B sectional view, Figure 3 is a sectional view showing the measuring slit,
FIG. 4 is an enlarged sectional view showing the main parts of the fuel injection valve shown in FIG. 1, FIG. 5 is a sectional view taken along line CC in FIG.
1 is a block diagram showing the control unit shown in FIG. 1. FIG. DESCRIPTION OF SYMBOLS 1... Engine, 50... Fuel metering mechanism, 57... Metering slit, 70... Fuel injection valve, 71... Diaphragm, 72... Injection back pressure chamber, 73... Fuel chamber, 74...

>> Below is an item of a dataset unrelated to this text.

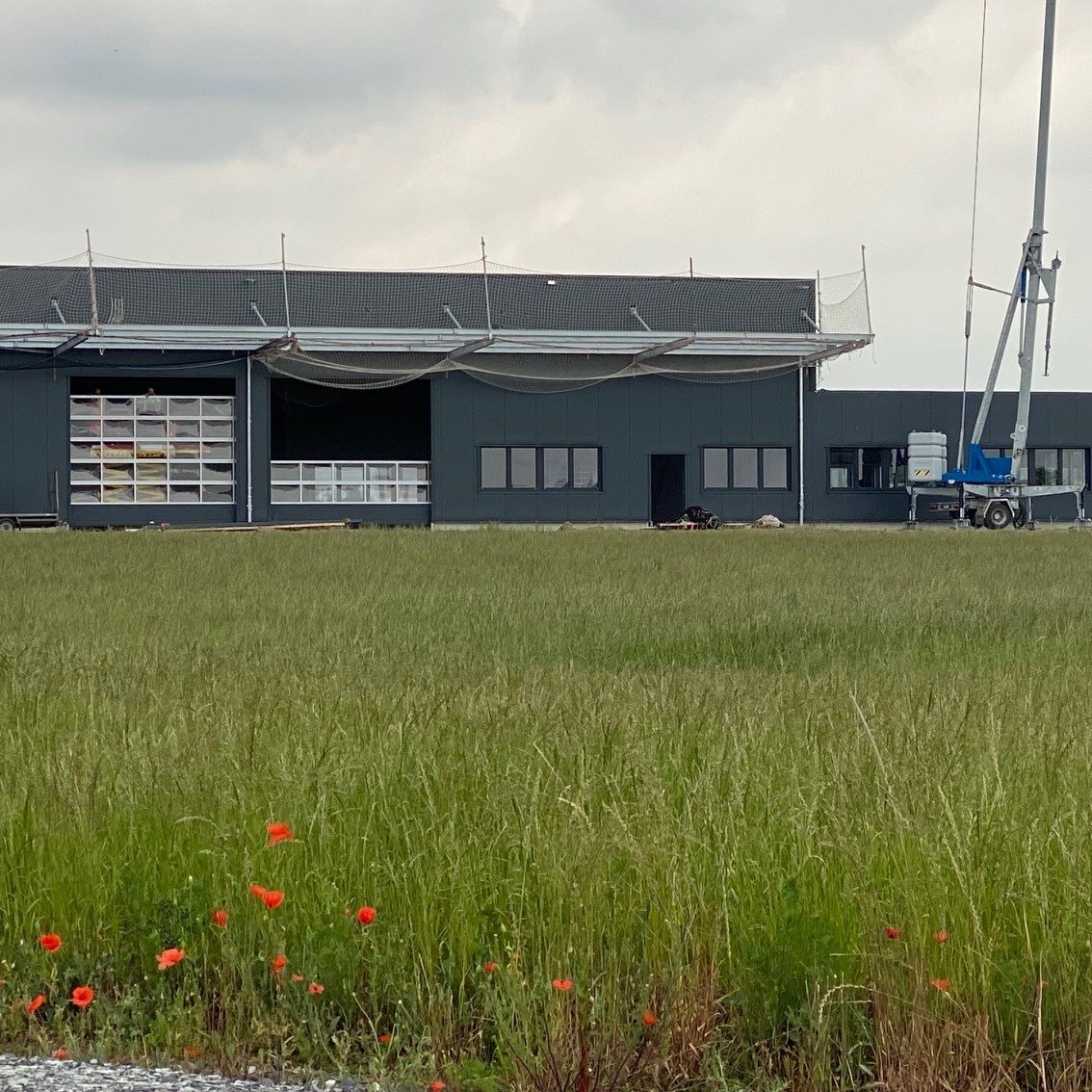 Die Wandverkleidung und die Dachtrapezbleche wurden montiert. Auch das Vordach ist bereits montiert.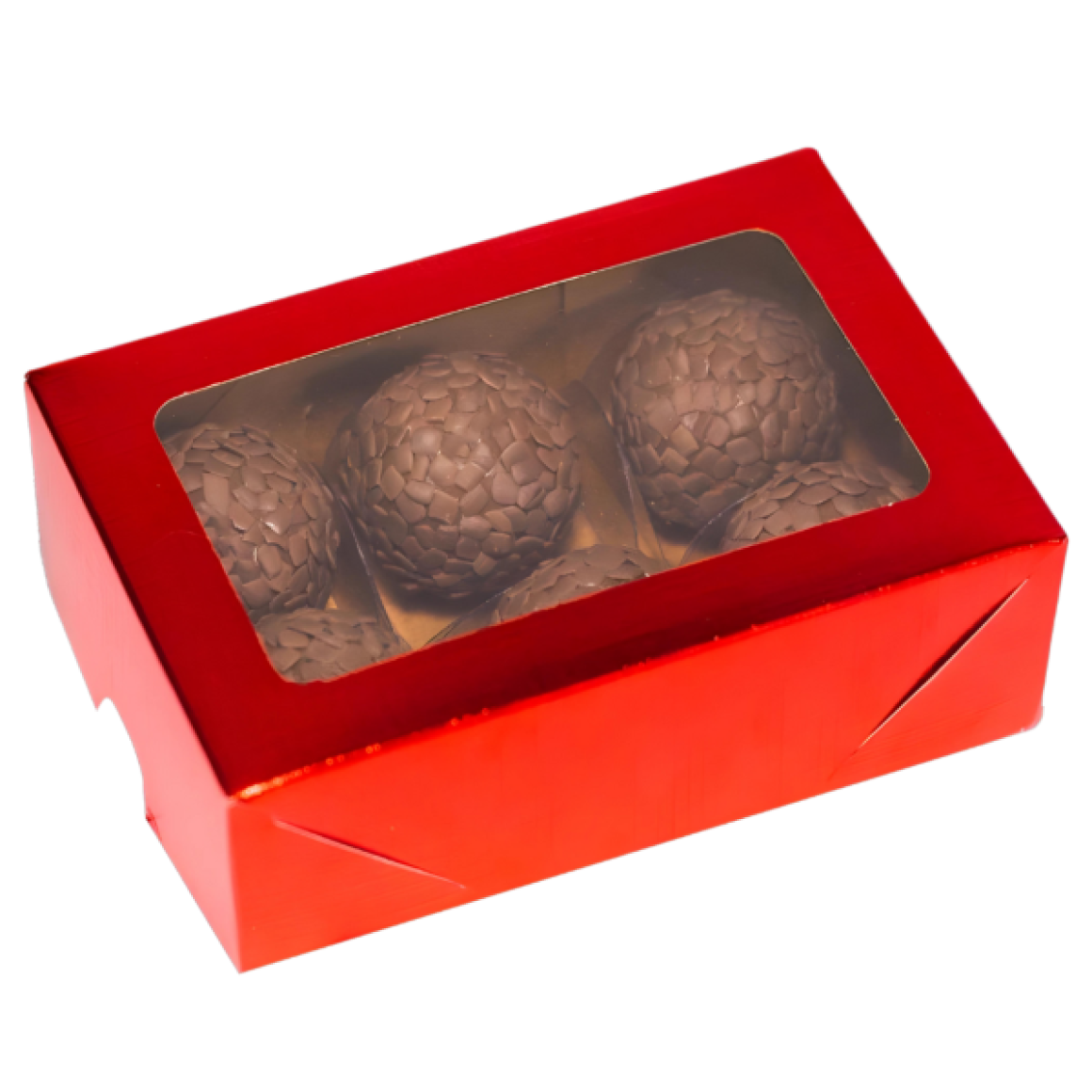2. CAIXINHA LAMINADA VERMELHO C/ VISOR PARA 6 DOCES - UNIDADE

Nozzle, 75... Needle, 76... Spring, 80... Constant differential pressure reducing valve, 81... Diaphragm, 82... Back pressure chamber,
83...Decompression chamber, 91, 92, 93, 94...Fuel pump, fuel filter, fuel tank, constant pressure valve forming a fuel supply mechanism.

Claims (1)

[Scope of Claims] 1. A fuel supply mechanism for supplying pressurized fuel, a fuel metering mechanism having a metering slit for metering fuel from the fuel supply mechanism according to the intake air flow rate, and a fuel metering mechanism on the downstream side of the metering slit. a fuel chamber arranged in the fuel chamber and into which the metered fuel is guided; an injection back pressure chamber partitioned from the fuel chamber by a diaphragm; a nozzle that injects fuel from the fuel chamber; a needle that opens and closes the nozzle by movement of the diaphragm; a fuel injection valve having a spring that biases the needle in a direction in which the nozzle is closed; and a back pressure chamber through which fuel having the same pressure as the fuel sent from the fuel supply mechanism to the metering slit is guided from the fuel supply mechanism. The back pressure chamber is divided by the back pressure chamber and a diaphragm, and is filled with fuel introduced from the fuel supply mechanism, and as the diaphragm moves, the pressure state of the fuel inside the back pressure chamber becomes lower than the pressure state of the fuel inside the back pressure chamber. a constant-difference pressure reducing valve having a pressure-reducing chamber that is controlled to be lowered by a predetermined amount; A fuel supply device for an engine, characterized in that the fuel in the decompression chamber is guided to the injection back pressure chamber to add the fuel to the injection back pressure chamber, and the valve opening pressure of the fuel injection valve is set.